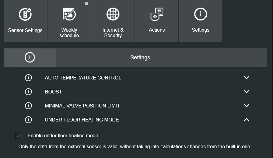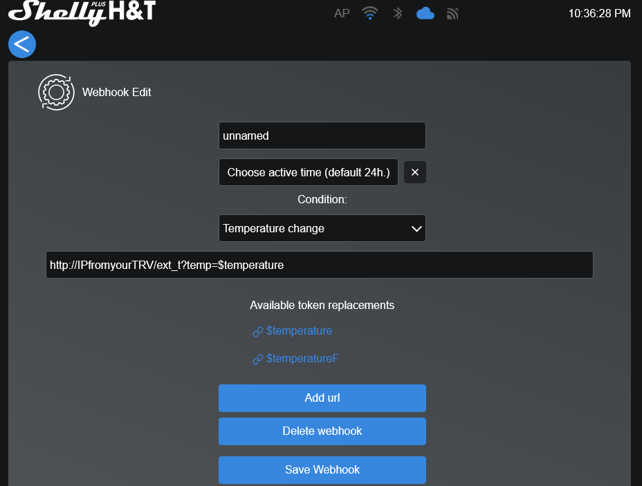 Settings in the TRV (App/home.shelly.cloud):
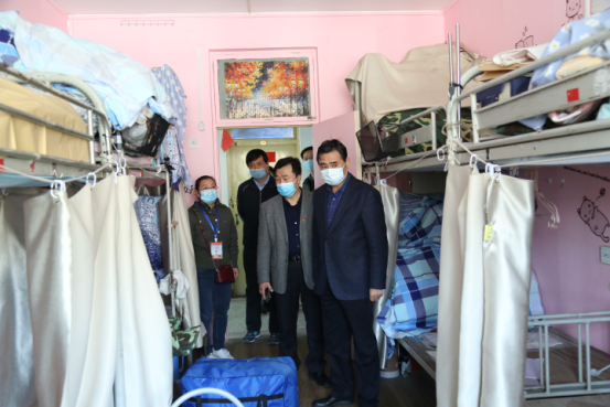校领导实地察看了所有返校报到过程中的重点环节、风险点和防控点,检查返校学生报到和寝室的用电、用水、安全卫生等情况,并与已经登记入住的同学亲切交流。在健康信息登记区,郝勇东仔细询问报到学生:“你家是哪里的?”“你坐什么交通工具过来的?”“感觉怎么样?还适应吗?”“有事情可以咨询学生处和辅导员老师。”在学生宿舍,茹文明亲切叮嘱入住学生:“要去户外多走动,不要串宿舍”“要勤洗手,多通风,不要扎堆”“我们安排有心理辅导老师,有需要可以预约心理辅导咨询。”老师的声声叮咛和丝丝关怀,温暖着同学们的心窝,让他们在学校感受到了家的温暖和父母一般的爱。同学们纷纷表示,一定按照学校安排,遵守纪律,做好防护,在圆满完成学业的同时,和学校一起取得抗疫的最后胜利。在看望已返校学生的同时,郝勇东、茹文明等校领导特别深入到即将安排封闭教师入住的宿舍进行检查,对于发现的问题要求有关单位立行立改,要及时收集入住教师反映的问题,切实为同志们提供一个良好的生活、学习环境,确保开学复课各项工作顺利进行。
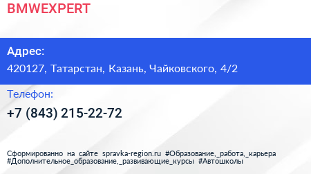 BMWEXPERT по адресу 420127, Татарстан, Казань, Чайковского, 4/2 в дальнейшем Организация, размещена в следующих категориях:
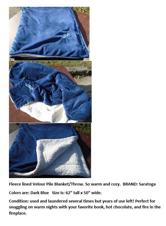 Wonderful for snuggling on warm nights with your favorite book, hot chocolate, and fire in the fireplace . Remember the old song, "Baby it's cold outside"!! BRAND: SARATOGA Measures: 62" tall x 50" wide. Condition: Good condition. Gently used. No stains, no tears, no damage. Has been laundered and dried before. Warm, cozy, comfy. Comes from smoke free home. Item Loc. 6A KI - Item # 3857

» **WHAT YOU ARE ASKED TO DO**:
When you copy the data, keep every line exact and drop the pictures.

» **SOLUTION BELOW**:
 Settings in the TRV (App/home.shelly.cloud):
校领导实地察看了所有返校报到过程中的重点环节、风险点和防控点,检查返校学生报到和寝室的用电、用水、安全卫生等情况,并与已经登记入住的同学亲切交流。在健康信息登记区,郝勇东仔细询问报到学生:“你家是哪里的?”“你坐什么交通工具过来的?”“感觉怎么样?还适应吗?”“有事情可以咨询学生处和辅导员老师。”在学生宿舍,茹文明亲切叮嘱入住学生:“要去户外多走动,不要串宿舍”“要勤洗手,多通风,不要扎堆”“我们安排有心理辅导老师,有需要可以预约心理辅导咨询。”老师的声声叮咛和丝丝关怀,温暖着同学们的心窝,让他们在学校感受到了家的温暖和父母一般的爱。同学们纷纷表示,一定按照学校安排,遵守纪律,做好防护,在圆满完成学业的同时,和学校一起取得抗疫的最后胜利。在看望已返校学生的同时,郝勇东、茹文明等校领导特别深入到即将安排封闭教师入住的宿舍进行检查,对于发现的问题要求有关单位立行立改,要及时收集入住教师反映的问题,切实为同志们提供一个良好的生活、学习环境,确保开学复课各项工作顺利进行。
 BMWEXPERT по адресу 420127, Татарстан, Казань, Чайковского, 4/2 в дальнейшем Организация, размещена в следующих категориях:
 Wonderful for snuggling on warm nights with your favorite book, hot chocolate, and fire in the fireplace . Remember the old song, "Baby it's cold outside"!! BRAND: SARATOGA Measures: 62" tall x 50" wide. Condition: Good condition. Gently used. No stains, no tears, no damage. Has been laundered and dried before. Warm, cozy, comfy. Comes from smoke free home. Item Loc. 6A KI - Item # 3857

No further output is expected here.